Recientemente, great progress has also been made in Few-Shot Relation Extraction. Qin y otros. [21] used a
continual few-shot relation learning method based on embedding space regularization and data
augmentation to avoid catastrophic forgetting of previous tasks. Liu et al. [22] proposed a direct addition
method that introduces relational information, generates a relational representation by joining two
relations and then adds it to the model for training and prediction. Chia et al. [23] worked on the task
setting of the zero-shot relation triplet extraction task. Unifying language model prompts and structured
text methods, the relationship samples were generated by conditional processing of relations with
structured prompts templates and decoded according to the triplet search decoding method.
También, ensemble learning is effective in the field of relational extraction, es decir., the performance of
relational extraction models can be improved by ensemble learning. Han et al. [24] used multiple semi-
supervised learning methods to form a new semi-supervised learning method based on ensemble
aprendiendo, which is well applied to relational classification. Kim et al. [25] used four classifiers, CRF,
CRFext, SEARN, and Bi-LSTM, for relational classification, and finally learned the four models together
in an ensemble-learning manner, which also achieved better results. Yang y otros. [26] constructed a more
efficient and robust relationship extractor based on a joint integrated neural network through the
proposed adaptively enhanced multiple LSTM networks attention. Christopoulou et al. [27] usado
BiLSTM-CRF and feature-based CRF models as sub-models thus building ensemble-learning algorithms
and using the integrated algorithms for extracting relationships between drugs and achieving better
resultados. Rim et al. [28] propose a method to combine predictions from CNN and RNN into an integrated
model to perform relational classification and extraction simultaneously, as well as a choice of weighted
cross-entropy as the objective function and an up-sampling strategy to mitigate the negative effects of
category imbalance.
Although the current sentence-level relation extraction methods have achieved great success, hay
still much room for improvement: the feature information extraction for sentences is not sufficient,
making the language model overly fine-tuned to downstream tasks, resulting in the language model not
fully exploiting its performance; the utilization of feature vectors is not sufficient; the choice of loss
functions is too obsolete.
Por lo tanto, inadequate extraction of information about sentence features means that there is no
information other than entity pair information as well as sentence information. If additional information
4
yo
D
oh
w
norte
oh
a
d
mi
d
F
r
oh
metro
h
t
t
pag
:
/
/
d
i
r
mi
C
t
.
metro
i
t
.
mi
d
tu
d
norte
/
i
t
/
yo
a
r
t
i
C
mi
–
pag
d
F
/
d
oh
i
/
i
/
/
t
.
1
0
1
1
6
2
d
norte
_
a
_
0
0
1
9
2
2
0
7
2
3
8
3
d
norte
_
a
_
0
0
1
9
2
pag
d
/
t
.
i
F
b
y
gramo
tu
mi
s
t
t
oh
norte
0
7
S
mi
pag
mi
metro
b
mi
r
2
0
2
3
Inteligencia de datos recién aceptada MS.

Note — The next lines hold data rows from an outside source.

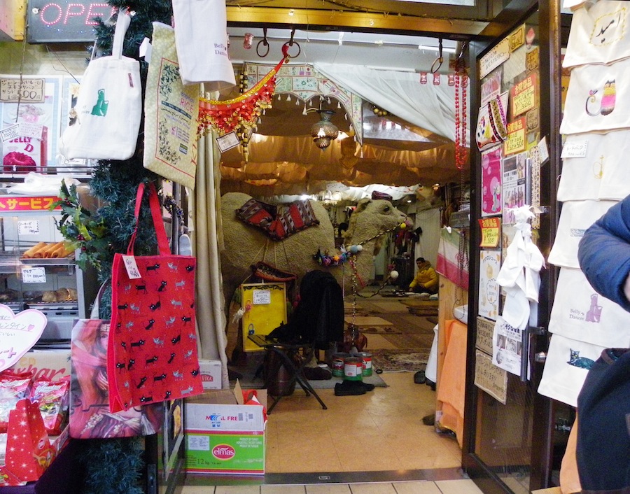 奥が広くて、遊牧民のテントの中みたいな感じのお店。椅子やテーブルが無くて、敷物を敷いた床に座るみたい。何屋さんだろう。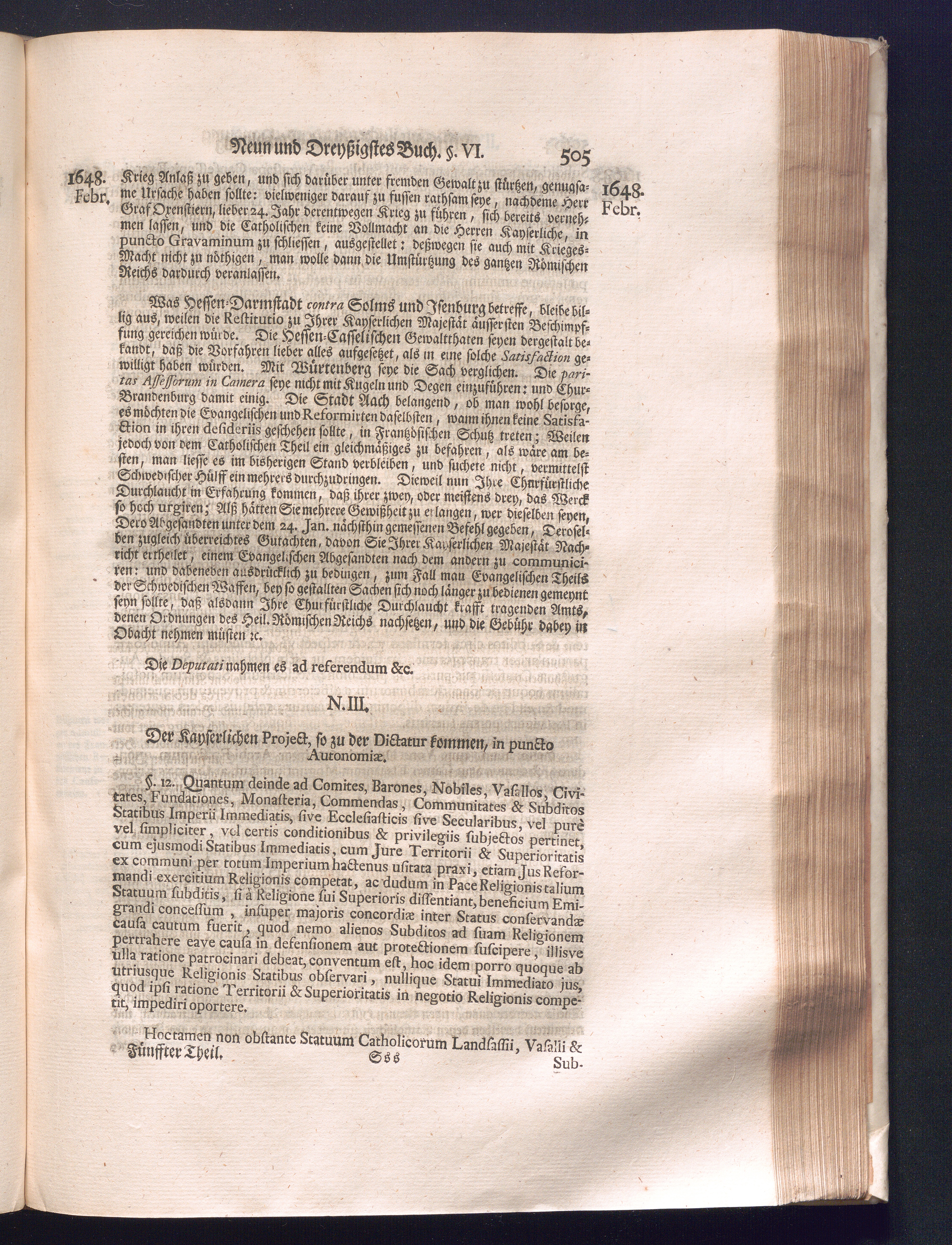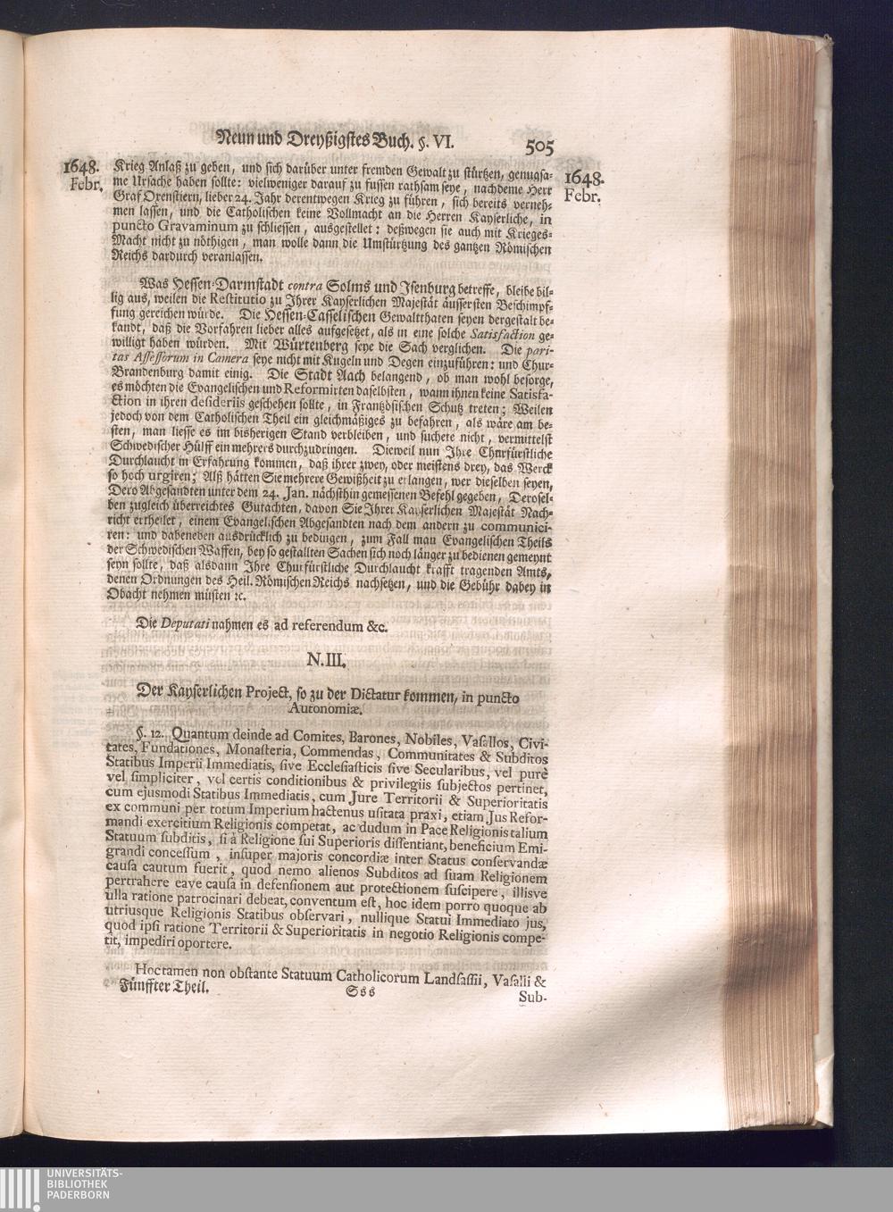 Fünffter Theil (1735) Worinnen enthalten, was vom Schluß des Jahrs 1647. biß in den Monath Junium des Jahrs 1648. zwischen Jhro Römisch-Kayserlichen Majestät, dann den Beyden Cronen Franckreich und Schweden, ingleichen des Heiligen Römischen Reichs Chur-Fürsten, Fürsten und Ständen, zu Oßnabrück und Münster gehandelt worden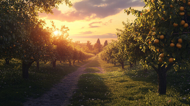 A scenic view of a chestnut orchard with the sun setting in the background.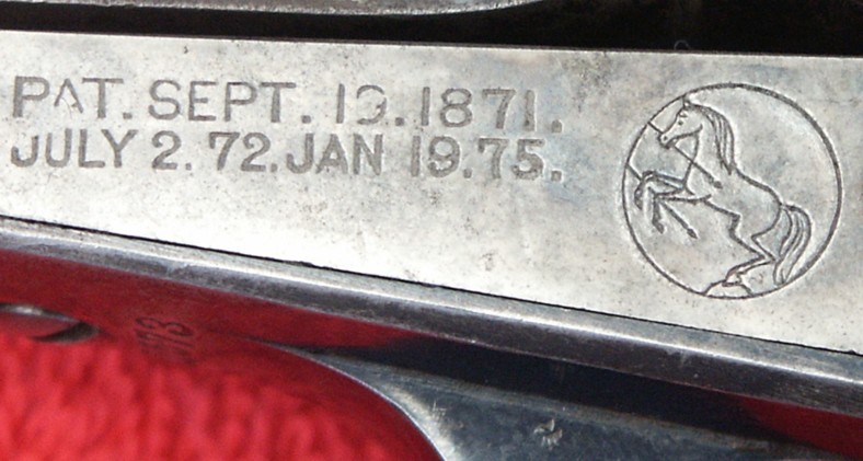 According to its serial # 80XXX, it was made in 1881-82. The revolver has lost all of its original finish and shows traces of intensive use, but its lock still works perfectly and the hammer still engages the 3 clicks.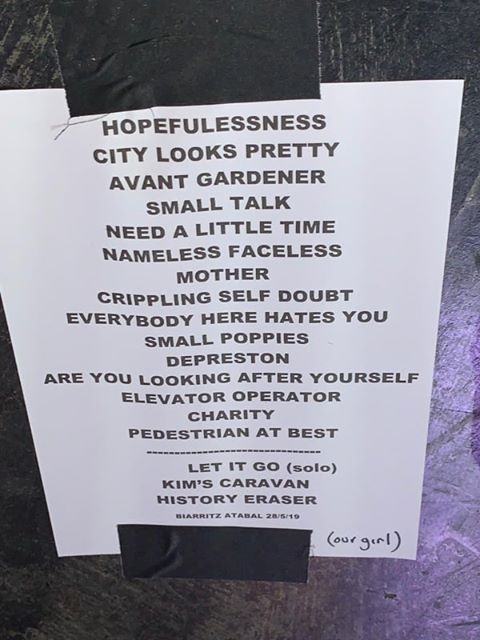 Para los bises, nuestra chica aparece en solitario para realizar una soberbia interpretación de Let It Go, el disco compartido con Kurt Vile. Destacable el silencio del público en este momento acústico. También ayuda el hecho de que el bar esté fuera del recinto propiamente dicho. Otro acierto en el diseño del Atabal, sin duda. Kim´s Caravan, momento para comprobar que, con su peculiar tocada sin púa, Courtney tiene pocos rivales a las seis cuerdas en el rock actual; e History Eraser cierran el concierto.

https://doi.org/10.1162/dint_a_00192
could be added to identify the features of the relation extraction task so that more information would be
encoded and injected into the model. It would also allow the language model to have more understanding
of the relation extraction task, which may enable the language model to perform to its full potential.
Segundo, underutilization of feature vectors refers to the fact that the feature vectors are used only once
during the propagation of the neural network, Por ejemplo, the R-BERT method proposed by Wu et al.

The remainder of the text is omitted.